━━ Material shown ━━

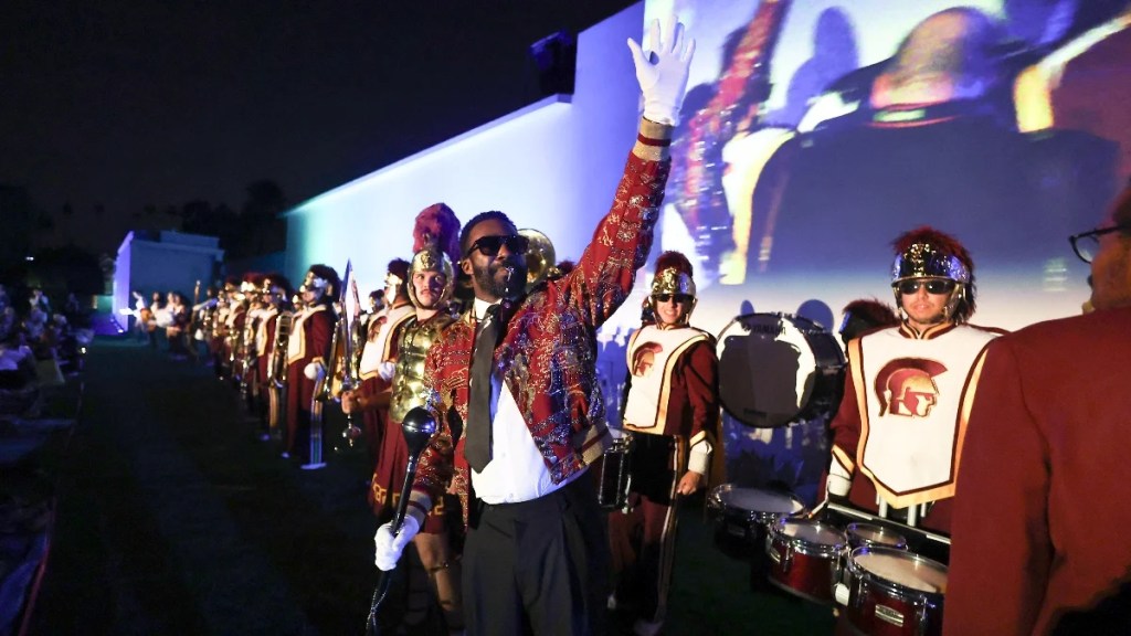 Ben Stiller was on hand to greet a sold-out crowd attending a “Zoolander” screening at Hollywood Cemetery Saturday night — and he was joined by “Severance” star Tramell Tillman, who showed up with the University of Southern California’s marching band in tow.
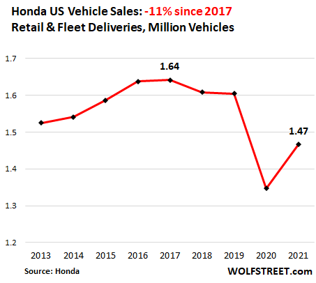 Honda sales 2021: +8.9% from 2020, -10.6% from 2017. With 1.467 million sales, Honda remained in the Number 5 slot, but now just a hair above the combined Hyundai-Kia:
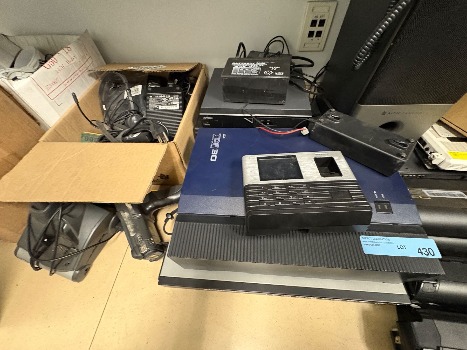 Group of Misc Electronics - TDA30 Hybrid IP-PBX, Battery Packs, Bass Speaker, Wifi Components, Headphones, Security Cameras & Assorted Electronics
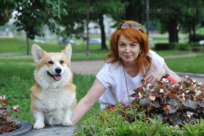 Девушка гуляет с собакой корги в Санкт-Петербурге
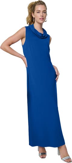 - Chic, fun, and fashionable, this cowl neck maxi dress will become your new go-to for dinner dates and special occasions. The cowl neckline beautifully showcases delicate jewelry while the slightly fitted bodice flatters your figure. Complete the look with a pair of stunning shoes. Slightly fitted silhouetteSlightly flared hemDraped cowl neck55&rdquo lengthRayon/ spandexMachine washableImported
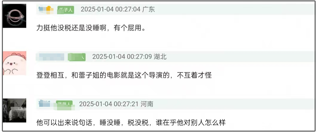 从这些业内发声来看,导演们多与张颂文有利益往来,不是收益不错的剧,就是电影没上映和正在播出的。而发声的小演员也几乎都没名气,但是受到过张颂文的指导,念这一份恩情。只是网友人间清醒,直接道明这些业内力挺并没有用,用单独对某个人或者某件事的正面评价不能证明张颂文的“税”和“睡”到底是否清白。

━━━

Exercise objective: Go back to the line that contains "Group of Misc" and copy it, along with each line after it through the end of the listing above, exactly and without pictures.

Problem solution:
 Group of Misc Electronics - TDA30 Hybrid IP-PBX, Battery Packs, Bass Speaker, Wifi Components, Headphones, Security Cameras & Assorted Electronics
 Девушка гуляет с собакой корги в Санкт-Петербурге
 - Chic, fun, and fashionable, this cowl neck maxi dress will become your new go-to for dinner dates and special occasions. The cowl neckline beautifully showcases delicate jewelry while the slightly fitted bodice flatters your figure. Complete the look with a pair of stunning shoes. Slightly fitted silhouetteSlightly flared hemDraped cowl neck55&rdquo lengthRayon/ spandexMachine washableImported
 从这些业内发声来看,导演们多与张颂文有利益往来,不是收益不错的剧,就是电影没上映和正在播出的。而发声的小演员也几乎都没名气,但是受到过张颂文的指导,念这一份恩情。只是网友人间清醒,直接道明这些业内力挺并没有用,用单独对某个人或者某件事的正面评价不能证明张颂文的“税”和“睡”到底是否清白。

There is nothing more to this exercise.